Actually fuck it I just checked the library catalog and found out there are seven available copies so now it’s on hold and I’m doing a Book of the Month read!!! Wish me luck!!! 😍😍😍

Life Goes On

Welcome to adulthood. You get excited now when you use your day off to buy a new keyboard and go to the Korean market.

That keyboard was not cheap!!! 😭💔 Unfortunately I really needed a keyboard with a number pad, which makes life a lot more pleasant, and even more unfortunately my new computer did not come with one because Apple really knows how to soak you for every penny. Of course the real tragedy here is that I decided that I needed an expanded keyboard and immediately ran off to buy one but we won’t get into that ORZZZZZZ

Anyway, the reason I ended up at the Korean market was that I’d stumbled across a recipe for ganjang guksu (Korean soy sauce noodles) and wished to try it immediately but did not have somyeon noodles. My brother was moving home from Atlanta that weekend and our parents had driven down to help him move and I had the run of the kitchen, which is a polite way of saying I should probably never be left on my own ever because shit like this happens:

It was really good.

I was also left alone with Her Imperial Majesty Empress Zuri, who was Very Displeased with the snow that showed up around the same time as her late-night walk. It was only a few flakes, but she has spindly legs and almost no fur and overall it wasn’t a good experience for her.

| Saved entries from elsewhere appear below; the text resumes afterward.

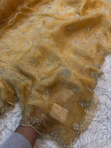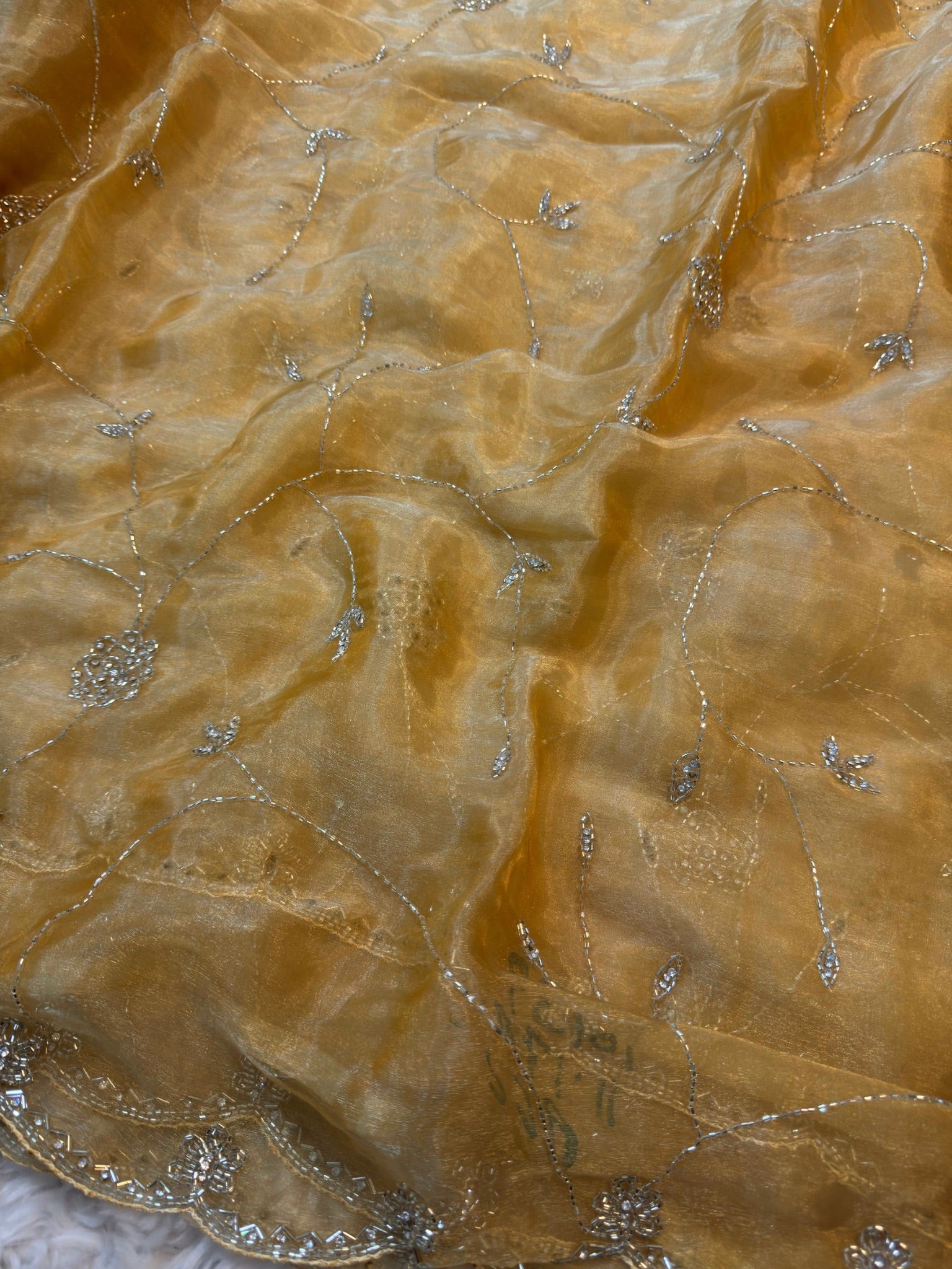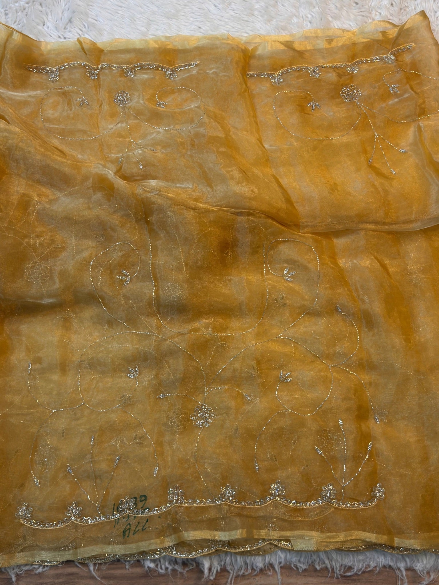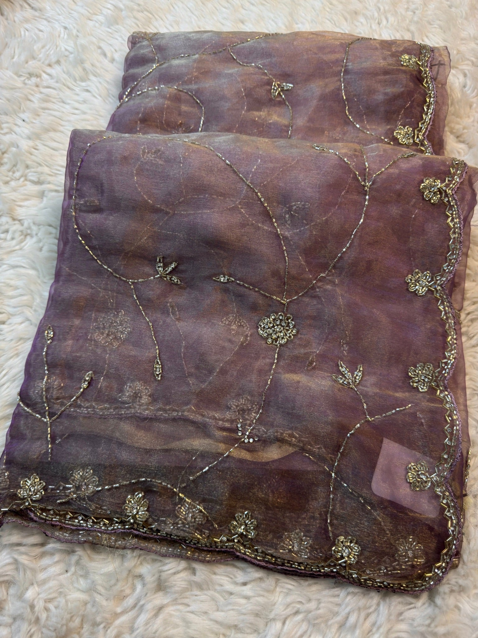 Dolchi Tissue Saree with Floral Hand Embroidery & Designer Border
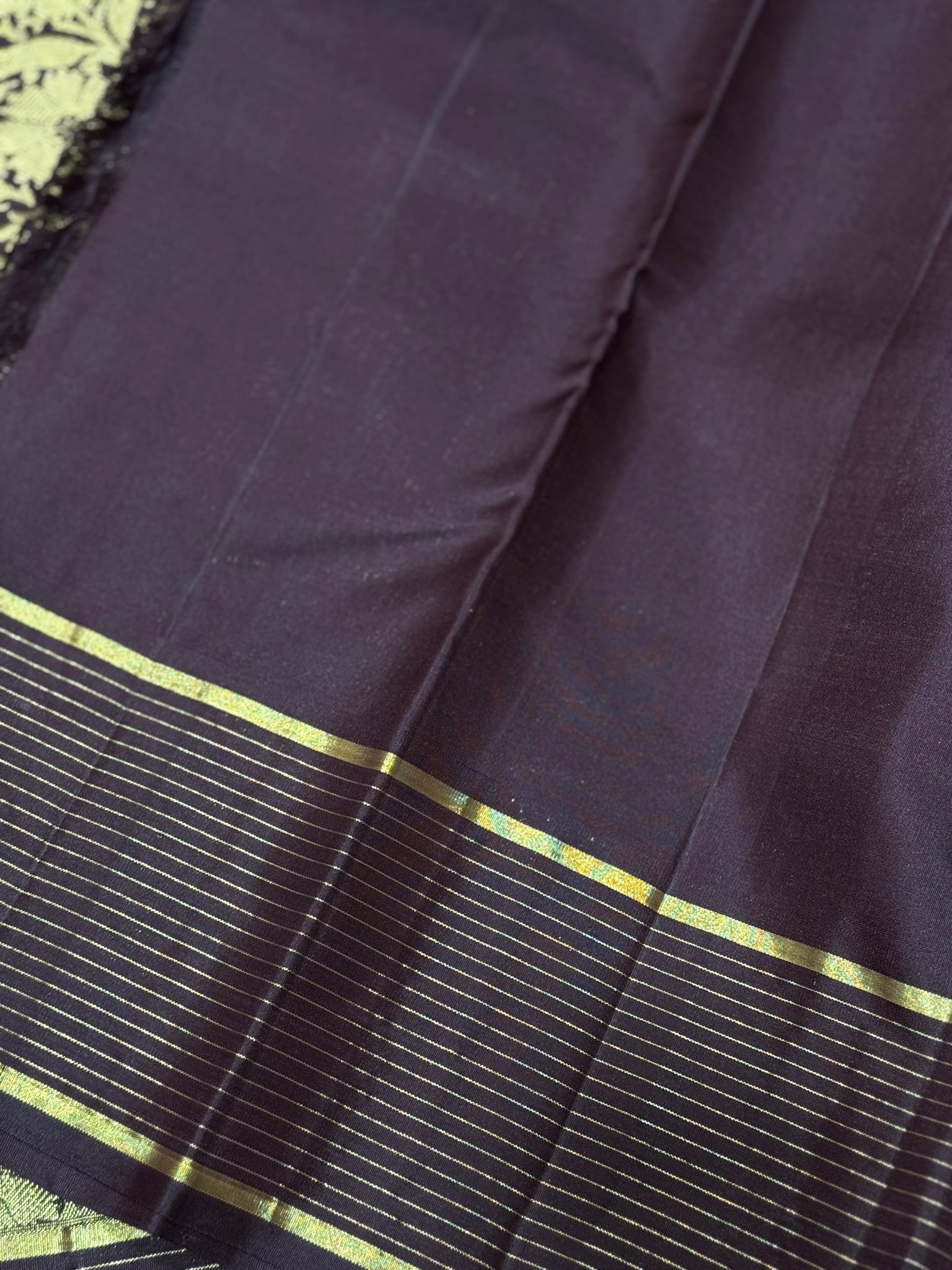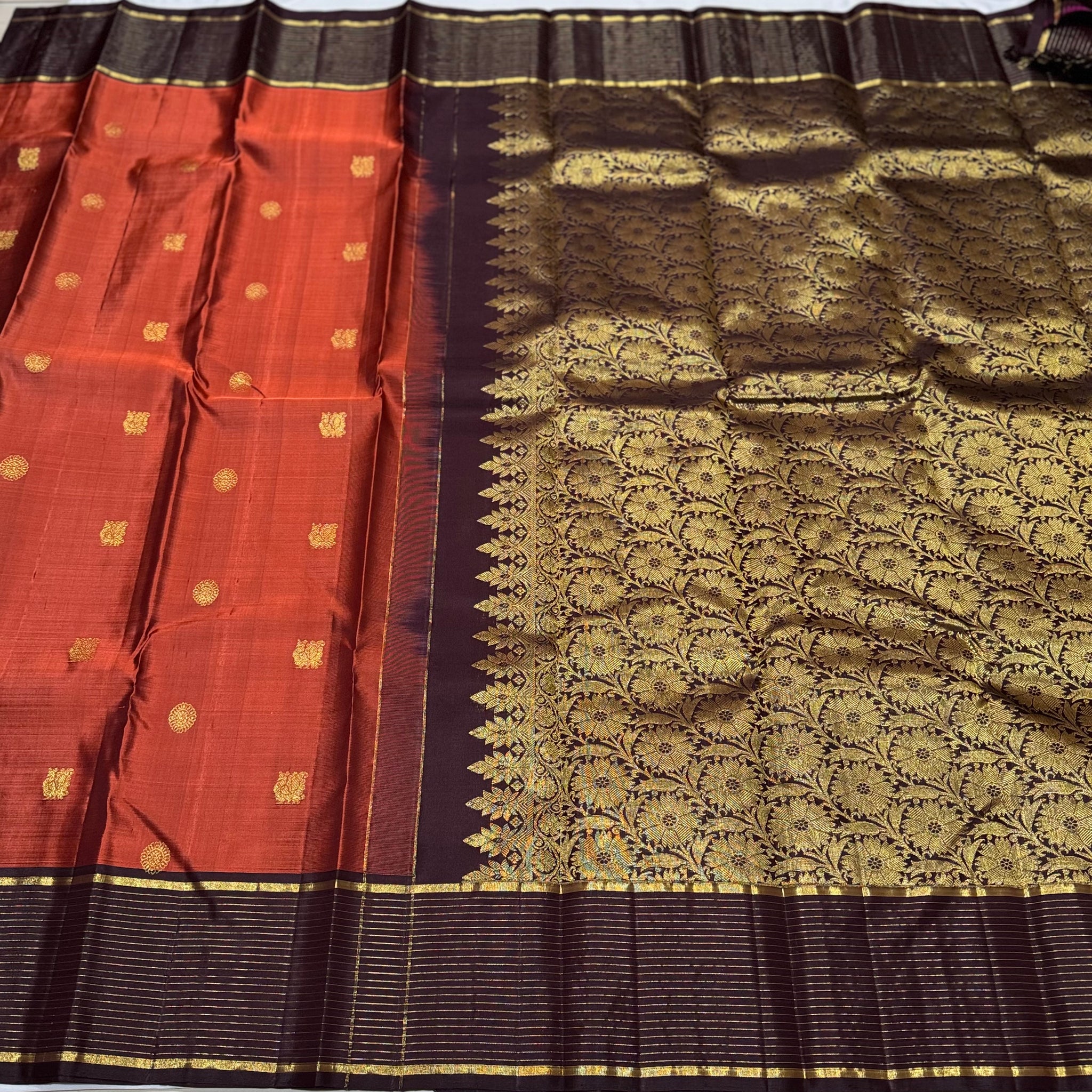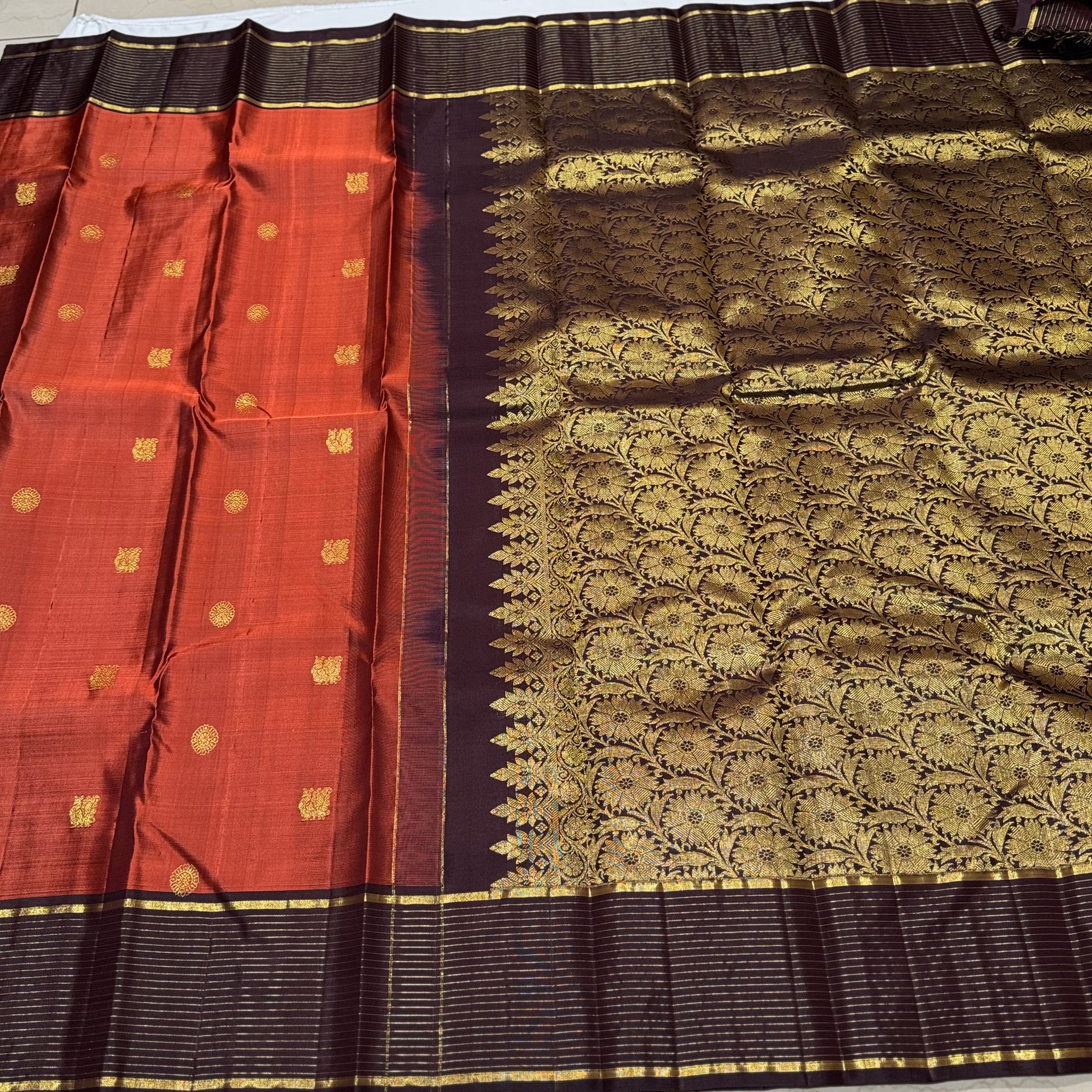 Vintage Combo- Rust with Coffee Brown Handwoven Pure Jari Kanjivaram Silk Saree with Jari Striped borders rich floral motifs woven pallu and contrast woven blouse beauty
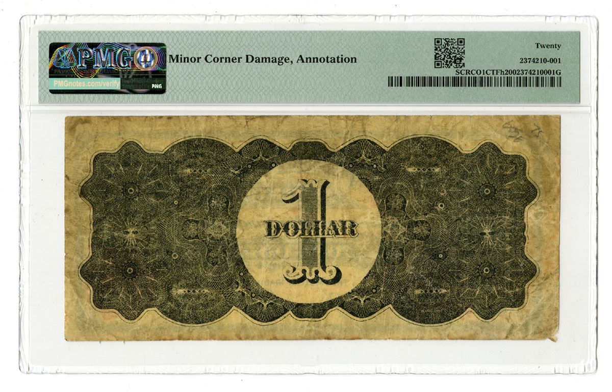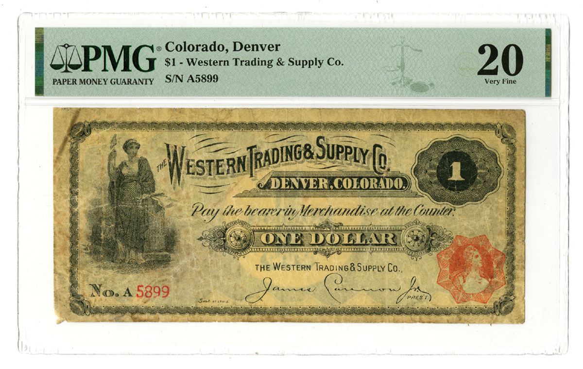 Denver, Colorado, ND (1920s). $1 Issued Banknote, Black printing with allegorical woman at left and red seal at bottom right corner, Back is dark blue with denomination at center, S/N A5899, PMG graded Very Fine 20 with comments "Minor Corner Damage, Annotation."
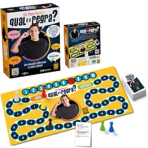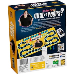 Descrição do produto : “Qual é a Regra?" desafia os jogadores a explorarem suas habilidades de dedução em uma atividade dinâmica e surpreendente. O jogo é inspirado na brincadeira criativa do influencer Theo Parizzi com sua família, na qual ele dá dicas através de palavras ou ações. Enquanto isso, os familiares tentam ganhar pontos descobrindo a característica comum entre as dicas ou a regra por trás delas. Em cada rodada do jogo, os participantes devem decifrar a regra específica da carta para avançar no tabuleiro. Com 100 regras diferentes, cada uma garantindo uma nova experiência, "Qual é a Regra?" promete muita diversão a cada rodada! Eu vou à Lua e vou levar um leão! Você não poderia levar um cachorro, mas poderia levar uma zebra! E aí, já sabe qual é a regra? :
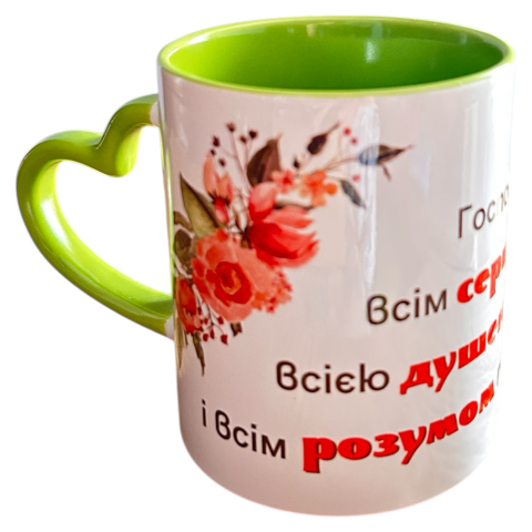 На чашках написані слова з Писання, які можуть підбадьорити людину у скрутну хвилину. Зображення на чашці нанесено методом сублімації, тому малюнок з часом не тьмяніє, а зберігає свій блиск навіть після тривалого використання. Можна використовувати в посудомийній машині.
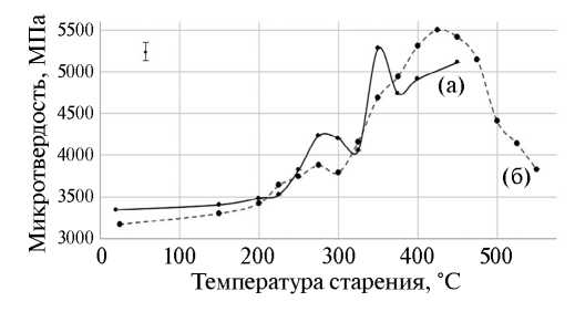 На начальных этапах роста частиц α-фазы их морфология близка к эллипсоидальной (со средними размерами большей полуоси 15 нм и меньшей полуоси 5 нм после старения при 350°С, рис. 6в), но при повышении температуры старения всего на 25°С морфология уже сменяется на пластинчатую (со средними размерами пластин: длина 600 нм и толщина 25 нм, превалирует двумерный рост частиц). Выделение дисперсных частиц α-фазы приводит к повышению уровня микротвердости в результате старения при 400…450°С на ~ 1600…1800 МПа, по сравнению с твердостью сплава в закаленном состоянии (рис. 7а). Поле старения при температурах свыше 450°С фиксируется двухфазная (α+β)-структура.
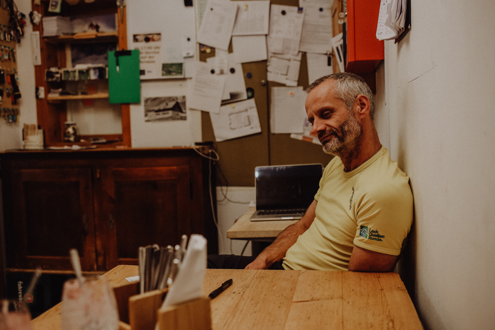 Während ich noch immer mit flauem Gefühl in der Magengegend am Tisch sitze und meinen Notizblock hervorkrame, um ein paar Informationen für meinen Beitrag zu sammeln, habe ich noch keine Ahnung, dass ich in den nächsten Stunden einen so tiefen Einblick in das Leben eines Hüttenwirts bekommen werde, wie wahrscheinlich wenige fremde Großstädter zuvor.
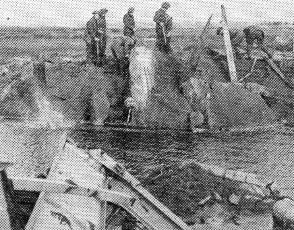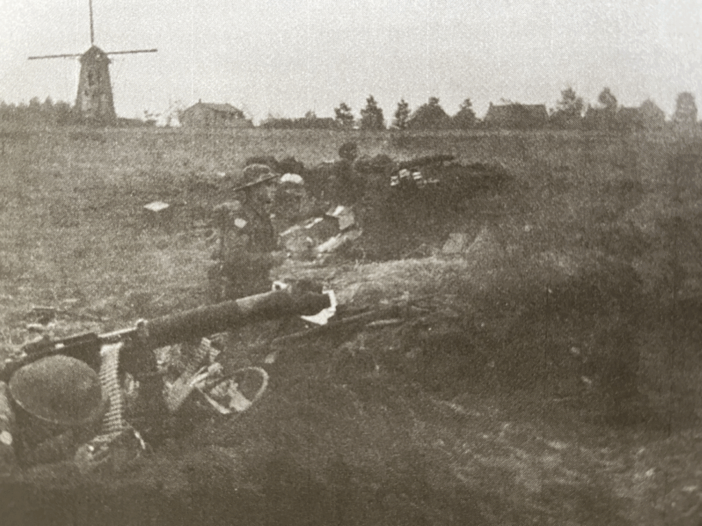 “Then, at 8 a.m. both battalions advanced eastward towards the canal under intense covering fire from artillery and machine-guns. When they had gone half a mile or so, the supporting tanks could go not farther through the bottomless mud. The infantry went on, meeting little opposition other than mortar-fire: the enemy had already gone across the canal and in such haste that they left a lot of their equipment behind. The Seaforth and Cameronians consolidated as best they could, facing east a little short of the canal. The ground was too boggy for digging.”

On the bright side (for me), I caught her using the sleeping bag I bought her for Christmas! I’m not actually sure she knows what it is or how to use it – it took her a while to get used to it when I first put it out for her, but after a couple of hours she curled up inside it and we couldn’t get her out. Since then I haven’t really seen her use it, but suspect that she uses it as a substitute for a human lap when no human laps are available (i.e., when we’re all out of the house). Since that was its intended purpose, I suppose it’s worked out.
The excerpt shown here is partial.